The researchers report that mapping the molecular complexity of tumors based on their immune responses is “critical” both to understanding the basic tumor biology and designing treatment strategies that can improve the immune system’s ability to recognize and attack tumors. Their findings suggest a potential new classification that could drive different approaches to treatment.

“Treatments that work by unleashing the immune system against tumors normally hidden from the body’s defenses have revolutionized care for melanoma and other diseases,” Vincent said “Not all patients respond, however. The next step will be to determine if patients respond differently to immunotherapies based on these subtypes, which will allow oncologists to further personalize immunotherapy choice to benefit patients.”

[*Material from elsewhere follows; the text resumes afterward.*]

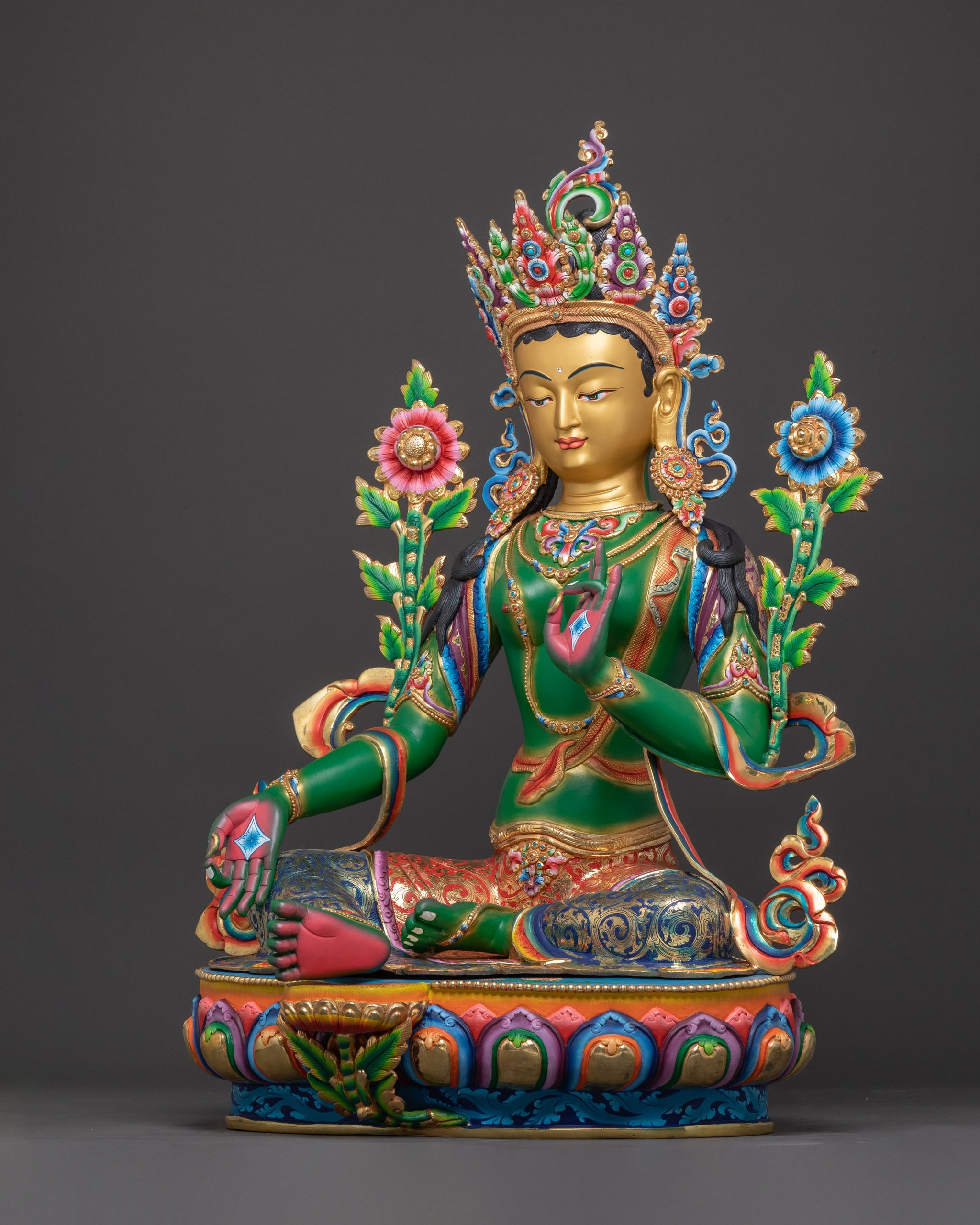 Handcrafted Divine Green Tara Statue – 24K Gilded Masterpiece

In addition to Vincent and Serody, the paper’s other authors were Vesteinn Thorsson, David L. Gibbs, Christopher L. Plaisier, Varsha Dhankani, Sheila M. Reynolds, and Ilya Shmulevich, the Institute for Systems Biology; Scott D. Brown, Reanne Bowlby and Robert A. Holt, Canada’s Michael Smith Genome Sciences Centre; Denise Wolf, University of California, San Francisco; Dante S. Bortone, Joel S. Parker and Lisle Mose, UNC Lineberger; Tai-Hsien Ou Yang and Dimitris Anastassiou, Columbia University Department of Systems Biology and Department of Electrical Engineering; Eduard Porta-Pardo, Barcelona Supercomputing Centre; Galen Gao and Andrew D. Cherniak, Eli and Edythe L. Broad Institute of the Massachusetts Institute of Technology and Harvard University; James A. Eddy, Sage Bionetworks; Elad Ziv, Helen Diller Family Comprehensive Cancer Center at the University of California, San Francisco; Aedin C. Culhane, Chandra Sekhar Pedamallu, Susan Bullman, and Toni K. Choueiri, Dana-Farber Cancer Institute; Evan O. Paull and Andrea Califano, Irving Cancer Research Center; I.K. Ashok Sivakumar, Johns Hopkins University; Andrew J. Gentles, Stanford University; Raunaq Malhotra of Seven Bridges; Farshad Farshidfar, University of Calgary; Antonio Colaprico, Universite libre de Bruxelles; Nam Sy Vo, Yuexin Liu, Arvind Rao, Ken Chen, John N. Weinstein, and Alex J. Lazar, MD Anderson Cancer Center; Jianfang Liu, Hai Hu, Chan Soon-Shion Institute of Molecular Medicine at Windber; Janet Rader, Medical College of Wisconsin; Davide Bedognetti, Sidra Medical and Research Center; Alexander Krasnitz, Cold Spring Harbor Laboratory; Tathiane M. Malta and Houtan Noushmehr, Henry Ford Hospital; Akinyemi I. Ojesina, University of Alabama at Birmingham; Joel Saltz, Stony Brook Medicine; Charles E. Rabkin, NCI; The Cancer Genome Atlas Network; Elizabeth G. Demicco, Mount Sinai Hospital; and Mary L. Disis, University of Washington.

The research was funded in by the National Cancer Institute.